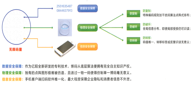 應用可變編碼中最前沿技術即薄碼技術,通過軟件硬件一體化的系統設計,以博碼云數據庫平臺為核心,實現包括博碼在內的條形碼產品從系統生成、分發、綁定在包材上印刷、檢測、關聯到查驗等全流程的數字化管理機制,最后,通過回傳到博碼云數據庫平臺(通過互聯網)上的各個環節所產生的數據進行比對,快速實現產品質量確認、產品流向把控、產品查驗結果的收集等功能,形成閉環系統。
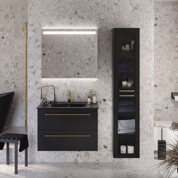 Komplett baderomsmøbel som inneholder en moderne tynnere porselensservant, et sort matt unders...
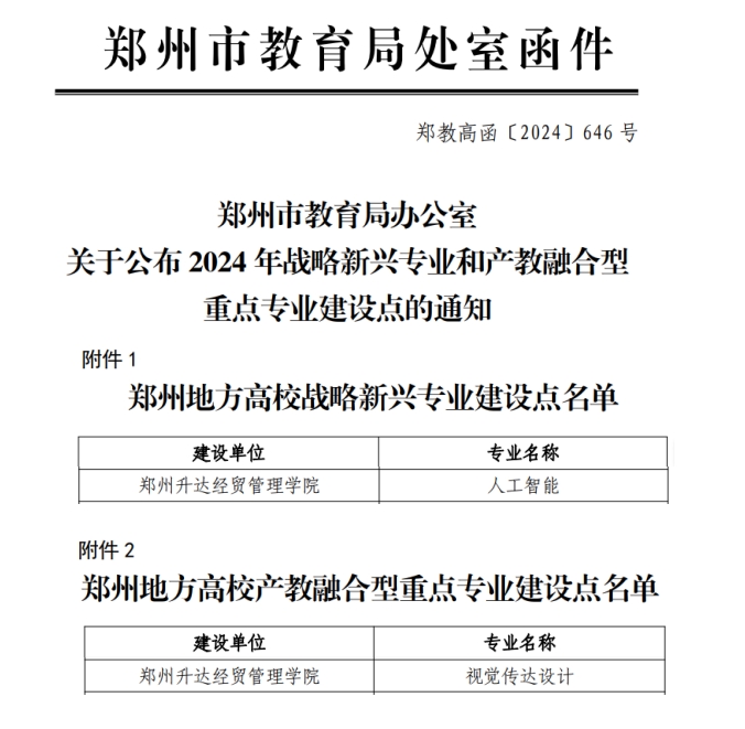 近日,郑州市教育局办公室发布了《关于公布2024年战略新兴专业和产教融合型重点专业建设点的通知》(郑教高函〔2024〕646号),我校“人工智能”专业荣获郑州地方高校战略新兴专业建设点,“视觉传达设计”专业荣获郑州地方高校产教融合型重点专业建设点。
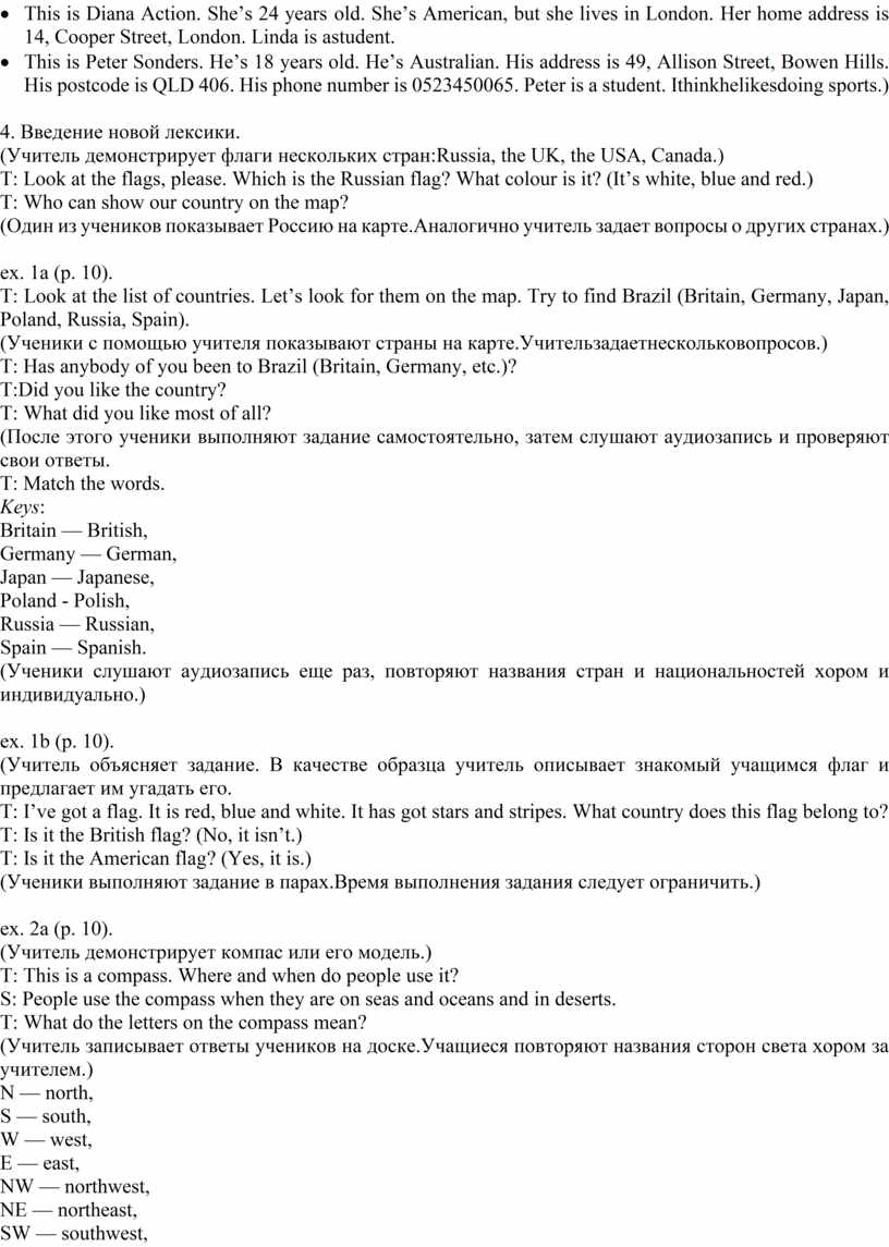 (Затем учитель проверяет выполнение индивидуального устного задания — учебникex. 7, p. 9)
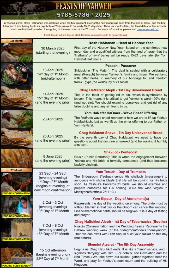 | First Month Feasts | Rosh Hashanah | 11-03-2024 | Ex.12:1-2, Num 28:11-15 | 1 Samuel 20 (all) | Colossians 2:16-17 |
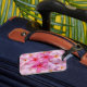 Bonito etiqueta de bagagem de plumeria rosa. slot de cartão de visita na parte traseira.
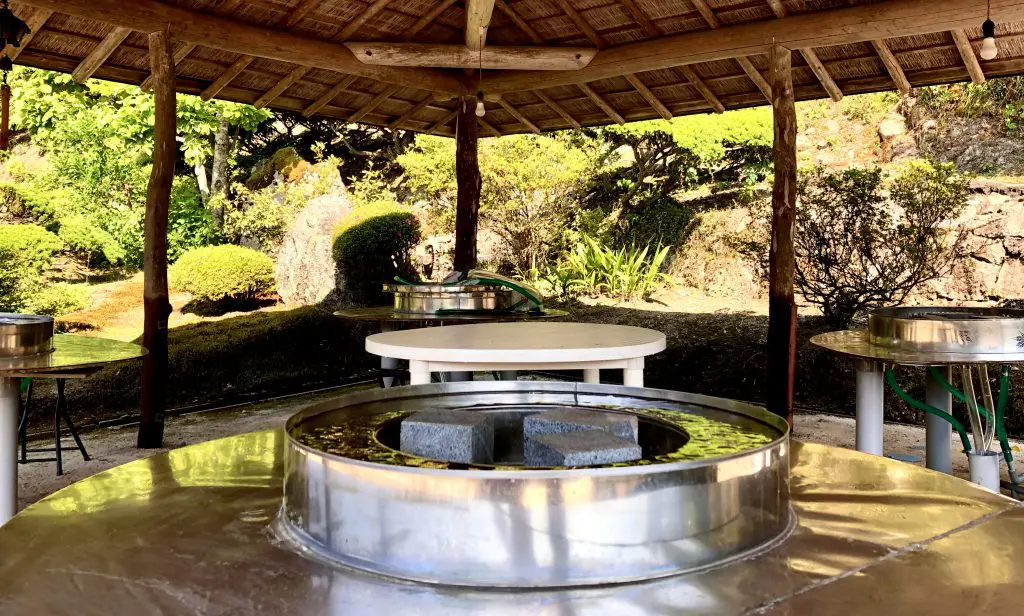 お手入れされた庭園と山を眺めながら、くるくる回る流しそうめんを楽しむことができます。
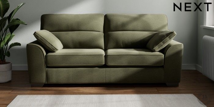 7.2.10 Buy Stamford Highback 3 Seater Sofa Ripple Chenille Mid Moss Green Large Square Angle - Gunmetal from the Next UK online shop Click here to use our accessible website
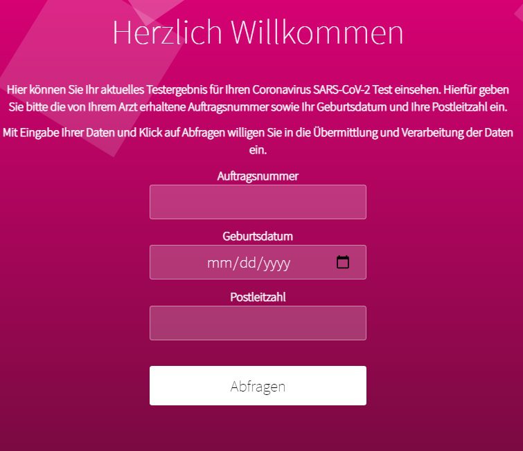Hier können Sie Ihr aktuelles Testergebnis für Ihren Coronavirus SARS-CoV-2 Test einsehen. Hierfür geben Sie bitte die von Ihrem Arzt erhaltene Auftragsnummer sowie Ihr Geburtsdatum und Ihre Postleitzahl ein.
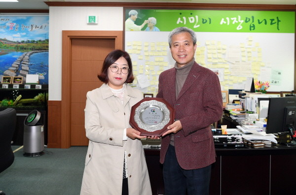 경기 오산시는 지난 30일 ‘민선6기 제33대 1일 명예시장’으로 세마동 지역사회보장협의체 위원인 김금옥씨(41·여)를 위촉했다. 사진은 곽상욱 시장(오른쪽)이 시장 집무실에서 김 명예시장에게 위촉장을 수여한 후 함께 기념촬영을 하는 모습.(사진제공=오산시청)
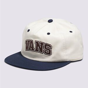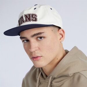 The Property Of Low Unstructured Hat is a 5-panel cap featuring contrast details and a bold embroidered Vans logo on the front.
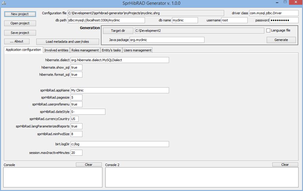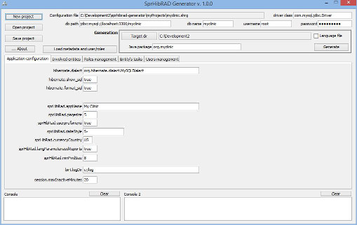 The 'Application configuration' tab-pane doesn't require explanation for 'sprHibRad'-prefixed properties more than what said about 'Application layout'; the developer of Spring/Hibernate applications certainly knows about the other properties. Below are the descriptions for the other pane.
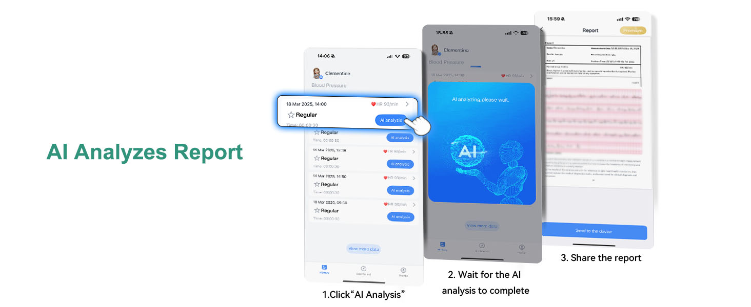 - ☀️Smart Analysis Report: The AI-ECG tracker for heart health creates your ECG and performs AI analysis with reports - Recognise regular rhythms and 17 irregular conditions for reference. An easy-to-read report helps you better understand your condition. You can also share the report with others with a single click
|---|
__Exercise description__.
Every line above from the one with "Bonito etiqueta de" down to the one with "The Property Of" must be written out exactly, and no picture may appear.

__The answer__.
 Bonito etiqueta de bagagem de plumeria rosa. slot de cartão de visita na parte traseira.
 お手入れされた庭園と山を眺めながら、くるくる回る流しそうめんを楽しむことができます。
 7.2.10 Buy Stamford Highback 3 Seater Sofa Ripple Chenille Mid Moss Green Large Square Angle - Gunmetal from the Next UK online shop Click here to use our accessible website
Hier können Sie Ihr aktuelles Testergebnis für Ihren Coronavirus SARS-CoV-2 Test einsehen. Hierfür geben Sie bitte die von Ihrem Arzt erhaltene Auftragsnummer sowie Ihr Geburtsdatum und Ihre Postleitzahl ein.
 경기 오산시는 지난 30일 ‘민선6기 제33대 1일 명예시장’으로 세마동 지역사회보장협의체 위원인 김금옥씨(41·여)를 위촉했다. 사진은 곽상욱 시장(오른쪽)이 시장 집무실에서 김 명예시장에게 위촉장을 수여한 후 함께 기념촬영을 하는 모습.(사진제공=오산시청)
 The Property Of Low Unstructured Hat is a 5-panel cap featuring contrast details and a bold embroidered Vans logo on the front.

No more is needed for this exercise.